Time to pull back the curtain. 

Player 1 is Barry Larkin. Player 2 is Eric Davis. Player 3 is Jesse Winker.

I’m not saying Winker is going to hit like Larkin and Davis. But maybe we shouldn’t write Jesse Winker into oblivion after a bad month this early in his career. He did, after all, hit .305/.414/.390 in April. And I doubt he’s become physically weaker than last year, when he hit seven home runs in 47 games.

Let’s watch a little longer before we pass judgment. A player can have a bad month during his rookie year and still turn into a great hitter. 

Steve grew up in Cincinnati as a die-hard fan of Sparky’s Big Red Machine. After 25 years living outside of Ohio, mostly in Ann Arbor, he returned to the Queen City in 2004. He has resumed a first-person love affair with the Cincinnati Reds and is a season ticket holder at Great American Ball Park. The only place to find Steve’s thoughts of more than 140 characters is Redleg Nation. Follow his tweets @spmancuso.

Join the conversation! 10 Comments

  1. Well stated.

    It is fair to speculate that not playing every day could affect Winker’s numbers listed above.

    Why Winker does not play everyday (preferably in LF) is bizarre to me:

    -FanGraphs now projects the Reds to finish 66-96, so “staying in the hunt” can’t be a reason.

    -A year of his controllable time is being burned, and he isn’t even getting blooded to all the parks and pitchers.

    -Raising Duvall’s trade value? The trend is moving away from 30 and over players. No one loves veteran guys now more the Giants, and the Reds could not move Duvall to them in the winter.

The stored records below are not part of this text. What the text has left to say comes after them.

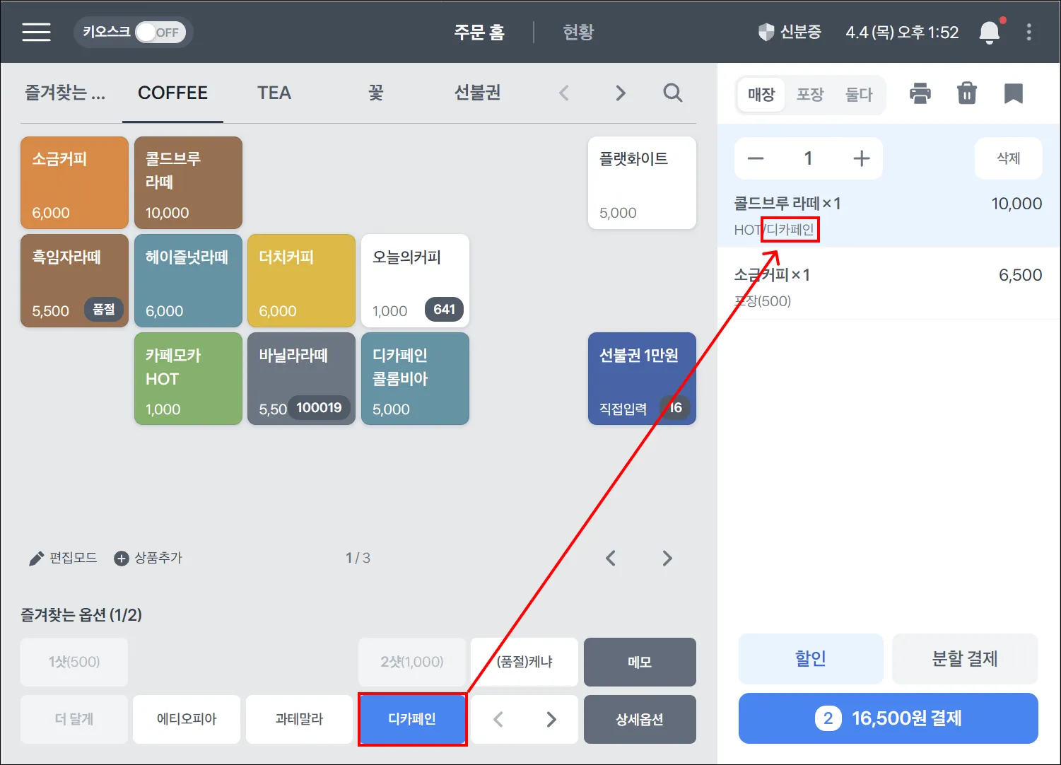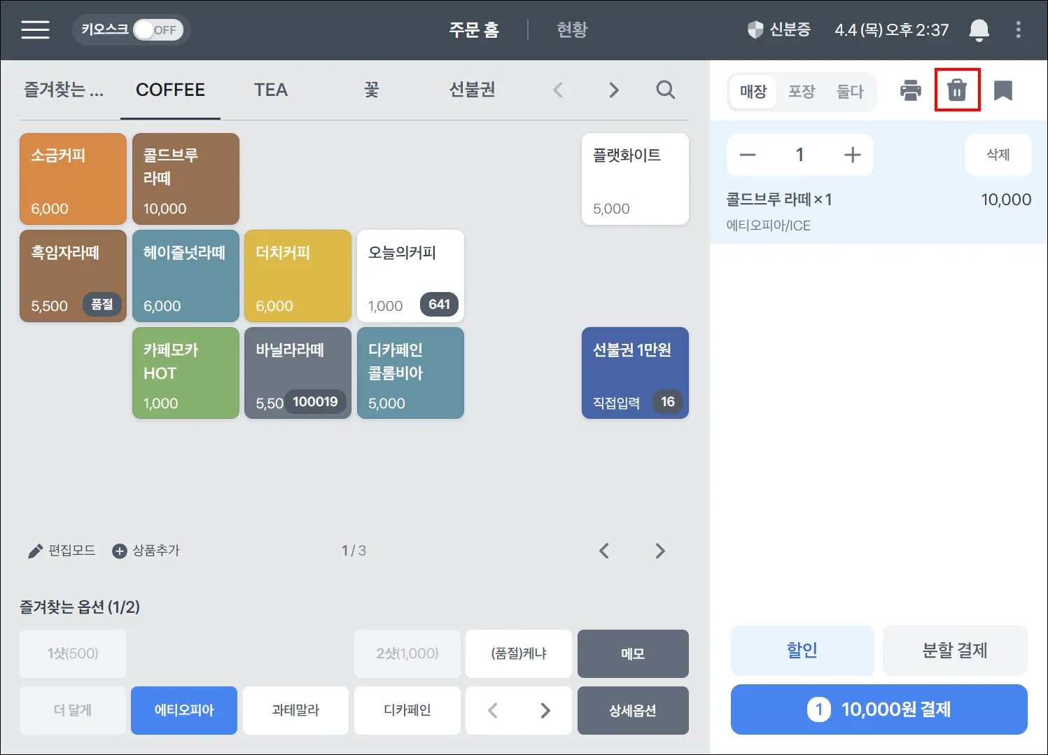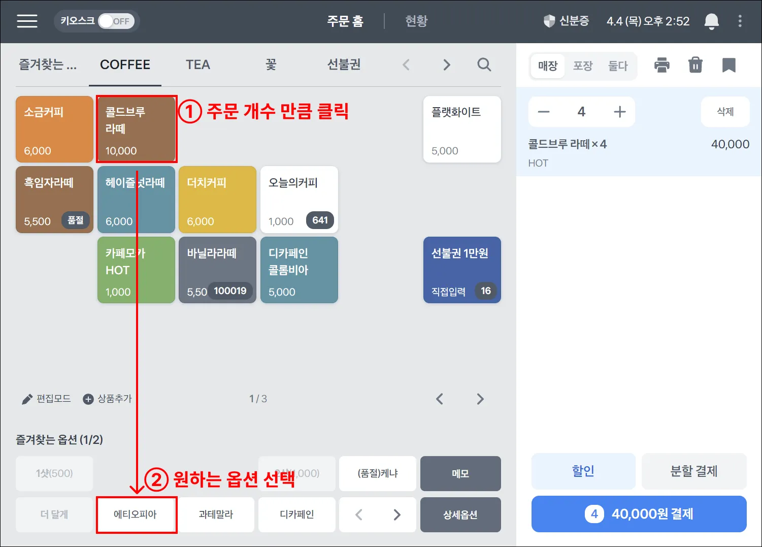 ex. 콜드브루 라떼 4잔 주문 → 콜드브루 라떼 네 번 클릭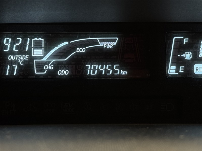 EVモードスイッチが付いているので、早朝・深夜の住宅街や屋内駐車場などで、騒音や排気ガスを気にすることなく走行出来ます。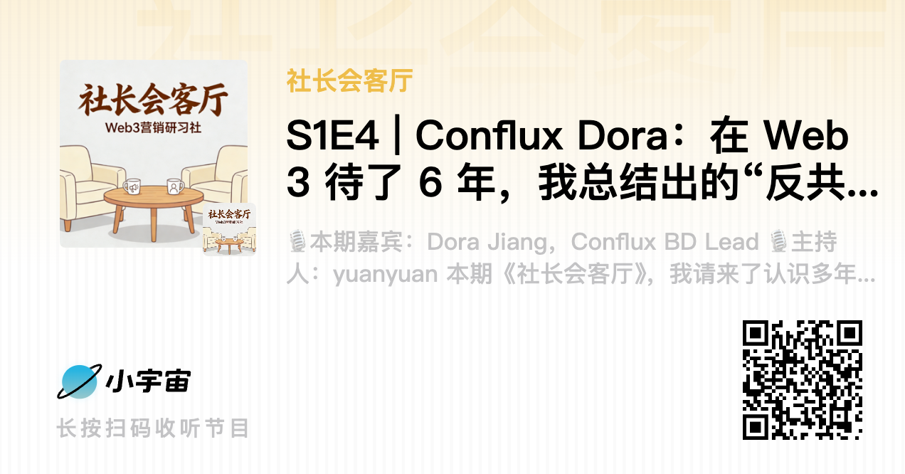 《社长会客厅》是 Web3 营销研习社的深度访谈栏目,邀请行业里最具判断力的营销负责人、品牌主理人、投资人、内容创作者进行对谈,从一线视角拆解 Web3 营销背后的方法论、抉择与结构性机会。

    Sadly, I suspect either Castellini wants “vets” playing to avoid losing 100 games, or more likely, Riggleman is trying to win enough with vets to get the manager’s job full-time.

    Either reason makes me feel the Reds mascot should be changed to Don Quixote.

    Reply
    • The Reds current winning percentage of .344 projects to 55.7 wins for the seasons. Fangraphs is having a difficult time adjusting to the reality of the 2018 Cincinnati Reds.

      Reply
  2. I still have high hopes for Winker. Rather get the lumps out of the way during a yr like this. It would be easier to take if the kid played better defense (like Larkin and Davis).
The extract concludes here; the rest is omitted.